Г-н Абрамович рассматривает литературные явления и литературные перерождения только в последовательности одних литературных же явлений, – «что за чем последовало» и «как одно от другого произошло». Это явно односторонне и недостаточно. Литература живет «в обстоятельствах», для литературы есть «обстановка». Она действует на писателей подавляюще, подчиняюще. О. Л. д’Ор есть не только палач литературы, сгноивший или гноящий ее своим тупым остроумием; он есть и жертва; жертва этого страшного рынка, требующего коротких впечатлений и который его «штучки не длиннее 50 строк» оплачивает из полушек своих 12 000 рублей в год, т. е. О. Л. д’Ор столько получает и народ столько уплачивает, «потому что эти штучки веселят».
Но затем «последовательность литературных явлений» тоже очень важна, хотя (я думаю) – и не фундаментальною важностью. Ее мастерски очерчивает г. Абрамович:
«В нашей читательской и литературной среде нет соответствующей школы, – нет постоянного, прочно сохраняющегося уровня культурного сознания. Мы бесконечно ниже наших общенародных достижений, высящихся как Монблан среди ровных равнин. Вот почему у нас возможны такие явления, как бунт против Пушкина, как отвержение Фета и Тютчева, как непризнание Лескова и Чехова, как книжный тираж Амфитеатрова, как почетное литературное благополучие мелких литературных паразитов, утробных «смехунов».
При благосклонном попустительстве русского читателя, у которого никогда не хватало сил для идейного протеста против грехов и ошибок литературных узурпаторов, совершалась травля подлинных дарований и защита таких же подлинных бездарностей.
С одной стороны, это засилие бездарностей совершала сама «улица» в лице отдельных предприимчивых самозванцев, пытавшихся путем чисто внешних приемов, путем дипломатических отношений завоевать положение литератора, вынуждая к признанию, к принятию мелкого их материала, не заслуживающего названия литературы».

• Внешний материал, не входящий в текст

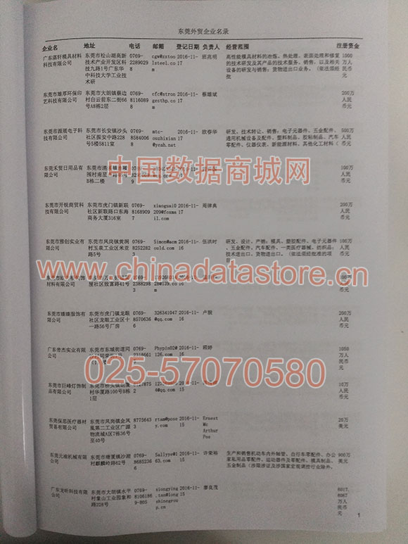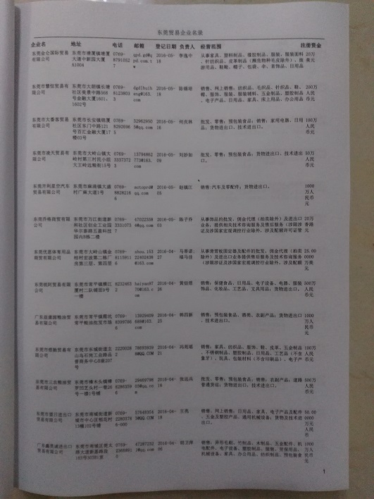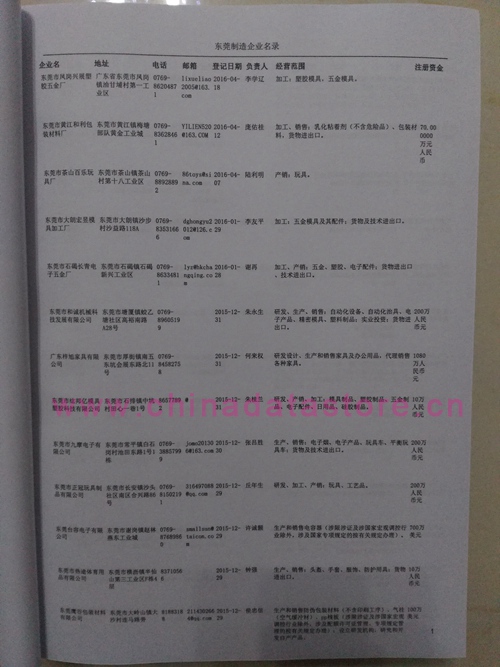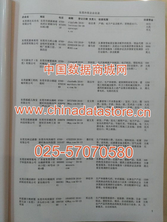 2021版最新東莞企業(yè)黃頁(yè)包括《東莞制造企業(yè)黃頁(yè)》、《東莞貿(mào)易企業(yè)黃頁(yè)》、《東莞民營(yíng)企業(yè)黃頁(yè)》、《東莞外資企業(yè)黃頁(yè)》、《東莞外貿(mào)企業(yè)黃頁(yè)》共五冊(cè),現(xiàn)優(yōu)惠價(jià):280元/冊(cè)。每?jī)?cè)內(nèi)容包括:?jiǎn)挝幻Q(chēng)、地址、郵編、電話、傳真、郵箱、經(jīng)營(yíng)范圍等;東莞企業(yè)黃頁(yè)涵蓋了近幾年來(lái)最新成立的、有一定規(guī)模的企業(yè),具有非常高的營(yíng)銷(xiāo)價(jià)值。有了這套黃頁(yè)開(kāi)展業(yè)務(wù)也有了針對(duì)性,也省去了盲目去尋找客戶名單而浪費(fèi)的時(shí)間了,工作效率也會(huì)有很大的提高。歡迎需要東莞企業(yè)黃頁(yè)的朋友及時(shí)聯(lián)系我們!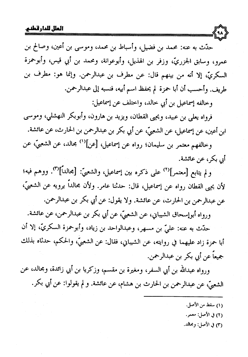 فرواه يعلى بن عبيد، ويحيى القطان، ويزيد بن هارون، وأبو بكر النهشلي، وموسى بْنُ أَعْيَنَ، عَنْ إِسْمَاعِيلَ، عَنِ الشَّعْبِيِّ، عَنْ أَبِي بَكْرِ بْنِ عَبْدِ الرَّحْمَنِ بْنِ الْحَارِثِ، عن عائشة وخالفهم معتمر بن سليمان، رواه عن إسماعيل، عن مجالد، عن الشعبي، عن أبي بكر، عن عائشة ولم يتابع معتمر على ذكره بين إسماعيل، والشعبي: مجالدا، ووهم فيه لأن يحيى القطان رواه عن إسماعيل، قال: حدثنا عامر، ولأن مجالدا يرويه عن الشعبي، عن عبد الرحمن بن الحارث، عن عائشة، ولا يقول: عن أبي بكر بن عبد الرحمن.

Что это за «дипломатические отношения», которые «вынуждают к признанию», – я не знаю. Это что-то очень любопытное, очень важное, что будущий историк нашего фазиса литературы должен будет внимательно исследовать. Но не могу я не передать здесь слов, сказанных мне владетелем небольшой, но очень деятельной книжной лавки, которая в годы 1900–1903 и 1907—12 сыграла значительную роль в распространении великолепно художественных изданий декадентских мелочей, а в 1914–1915 «футуристических» коверканий. Он был крепкий сытый русский торговец лет 36–40, прошел сам городское училище или прогимназию, был деятелен, строг, для торговли и в торговом отношении в высшей степени культурен. Например, он обедал вместе с мальчиками магазина; они в квартире его имели себе чистенькие кроватки и чистую, очень хорошую комнату. Принося вам на дом книгу или пачку книг – отказывались взять 10–15—20 коп. «за труд». – «Хозяином запрете-но». Конечно, это небывалые еще приемы в рассейской торговле. Опершись жирными руками на прилавок, он сказал:
– Направление общественного мнения в России зависит от нас.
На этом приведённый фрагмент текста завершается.